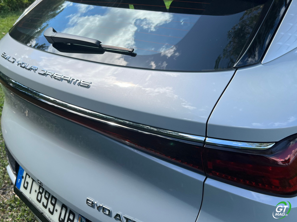 Pour mieux comprendre son design plutôt sympa et dans les codifications de nos électriques françaises ou germaniques il faut savoir que Wolfgang Egger est le designer de la BYD depuis 2017, il a œuvré chez Seat chez Alfa Romeo qui lui doit la magnifique 8C Competizione, les 156, 166 et 147. Il a aussi été magicien du crayon chez Audi et Lamborghini. Toujours chez BYD, le designer est également à l’origine de la berline Han de la gamme dont nous parlions il y a un instant. Tout est dit du coup mais non nous voici devant une calandre « Dragon Face » comme la nomme BYD, un design “qui s'inspire de milliers d'années de culture chinoise”. L’idée des ingénieurs de la marque soutenus par Wolfgang Egger est de transfigurer de façon subliminale le dragon, tels que les yeux et la moustache matérialisés ici par les phares qui font écho aux feux arrière continus, ils bénéficient d’un faisceau lumineux plus large sensés améliorer la visibilité et la conduite de nuit. Cet ensemble donne un air symbolique et original  à l’Atto 3.
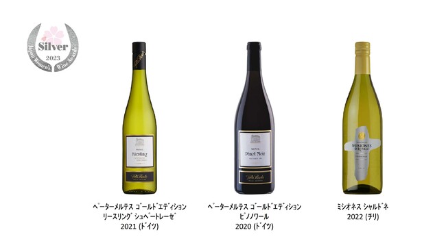 また、「ペータメルテス ゴールドエディション リースリング シュペートレーゼ 2021(ドイツ)」・「ペーターメルテス ゴールドエディション ピノノワール 2020(ドイツ)」・「ミシオネス シャルドネ 2022 (チリ)」がシルバーを受賞しました。
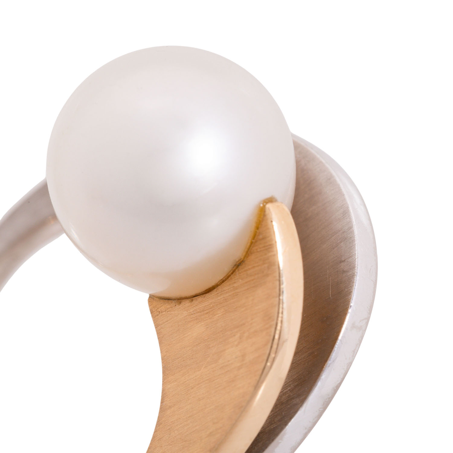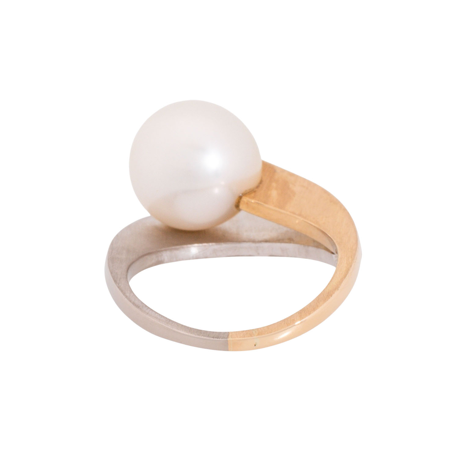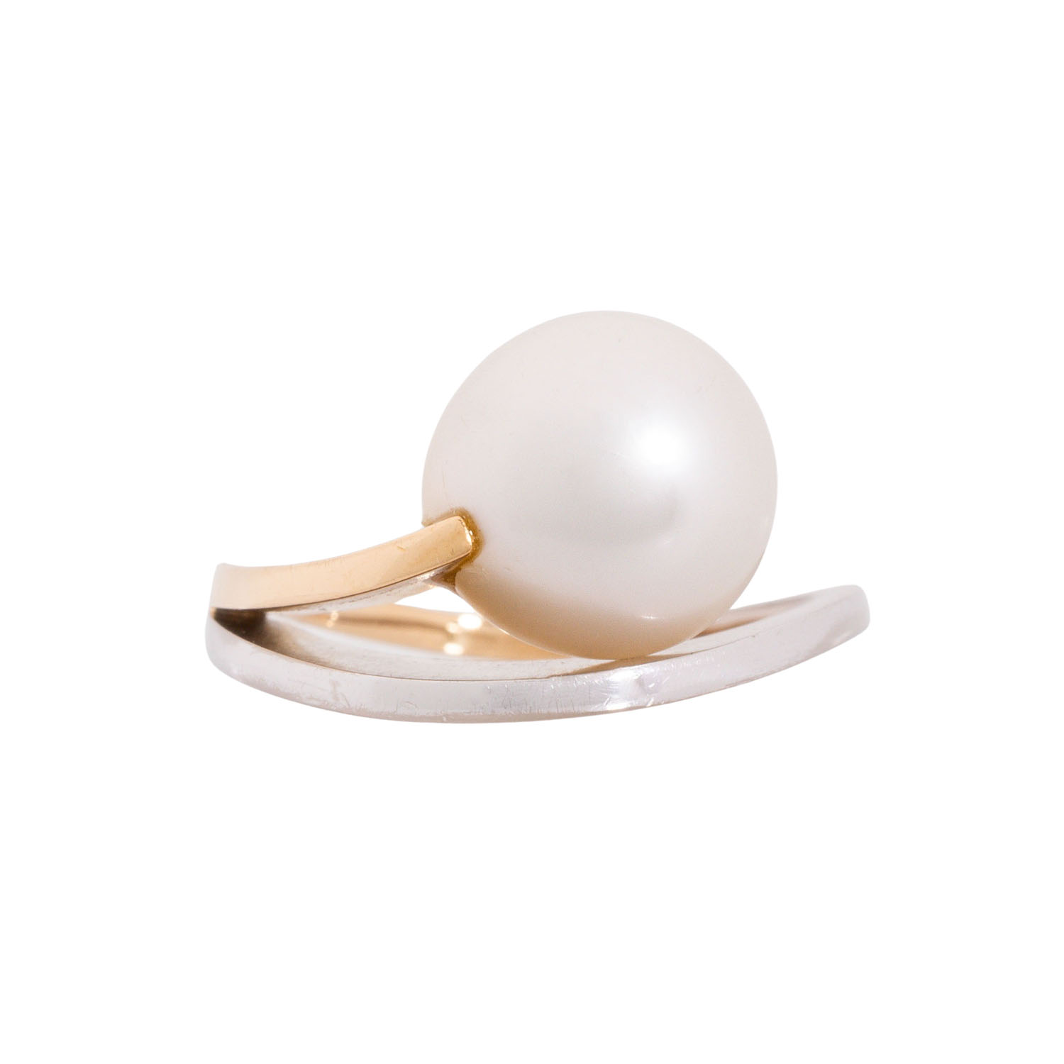Ring with South Sea cultured pearl, white, D: approx. 12.1 mm, beautiful luster, 18K yellow gold/white gold, 11.3 g, polished/satin finished, ring size: 58, W: approx. 1.5 - 13.6 mm, 21st century, signs of wear, with Italian hallmark.
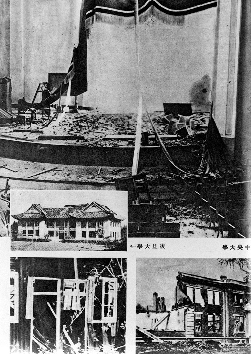 1937年8月13日,日本軍隊攻占上海時,復(fù)旦大學(xué)等文化機關(guān)慘遭破壞。新華社發(fā)
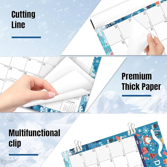 - ❄️【2 Binder Clips Design】In order to give the calendar more writing space and decorative function, we use loose-leaf binders, which is suitable for desktop calendars and can be safely hung on the wall to add a festive atmosphere.
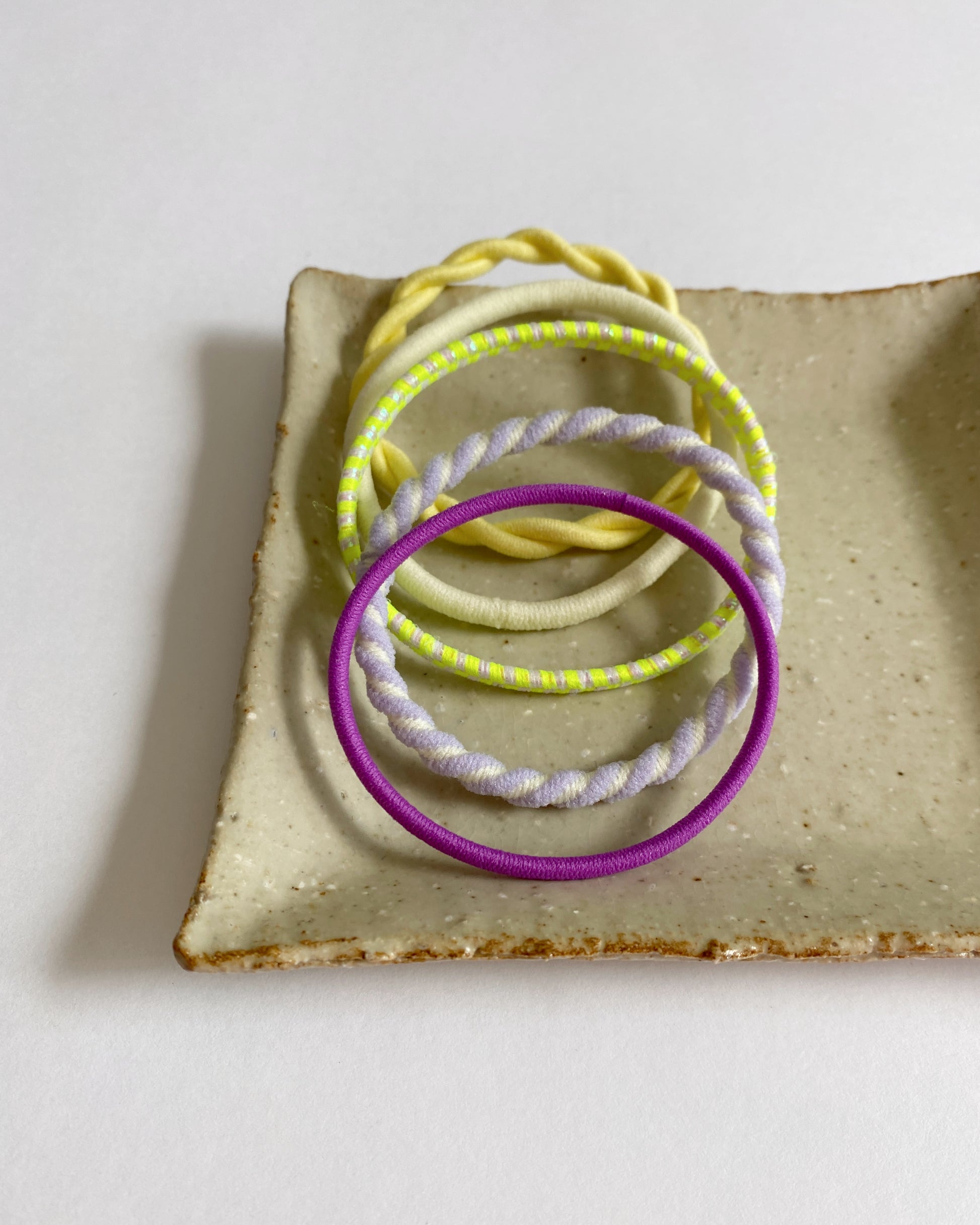 Made in Japan by elastic experts (using their patented seamless, snap-resistant join), each colour story includes five different hair ties.

→ **AIM OF THE TASK**
Please output all of the entries above exactly, but without any picture.

→ **ANSWER TO THE PROBLEM**
 Pour mieux comprendre son design plutôt sympa et dans les codifications de nos électriques françaises ou germaniques il faut savoir que Wolfgang Egger est le designer de la BYD depuis 2017, il a œuvré chez Seat chez Alfa Romeo qui lui doit la magnifique 8C Competizione, les 156, 166 et 147. Il a aussi été magicien du crayon chez Audi et Lamborghini. Toujours chez BYD, le designer est également à l’origine de la berline Han de la gamme dont nous parlions il y a un instant. Tout est dit du coup mais non nous voici devant une calandre « Dragon Face » comme la nomme BYD, un design “qui s'inspire de milliers d'années de culture chinoise”. L’idée des ingénieurs de la marque soutenus par Wolfgang Egger est de transfigurer de façon subliminale le dragon, tels que les yeux et la moustache matérialisés ici par les phares qui font écho aux feux arrière continus, ils bénéficient d’un faisceau lumineux plus large sensés améliorer la visibilité et la conduite de nuit. Cet ensemble donne un air symbolique et original  à l’Atto 3.
 また、「ペータメルテス ゴールドエディション リースリング シュペートレーゼ 2021(ドイツ)」・「ペーターメルテス ゴールドエディション ピノノワール 2020(ドイツ)」・「ミシオネス シャルドネ 2022 (チリ)」がシルバーを受賞しました。
Ring with South Sea cultured pearl, white, D: approx. 12.1 mm, beautiful luster, 18K yellow gold/white gold, 11.3 g, polished/satin finished, ring size: 58, W: approx. 1.5 - 13.6 mm, 21st century, signs of wear, with Italian hallmark.
 1937年8月13日,日本軍隊攻占上海時,復(fù)旦大學(xué)等文化機關(guān)慘遭破壞。新華社發(fā)
 - ❄️【2 Binder Clips Design】In order to give the calendar more writing space and decorative function, we use loose-leaf binders, which is suitable for desktop calendars and can be safely hung on the wall to add a festive atmosphere.
 Made in Japan by elastic experts (using their patented seamless, snap-resistant join), each colour story includes five different hair ties.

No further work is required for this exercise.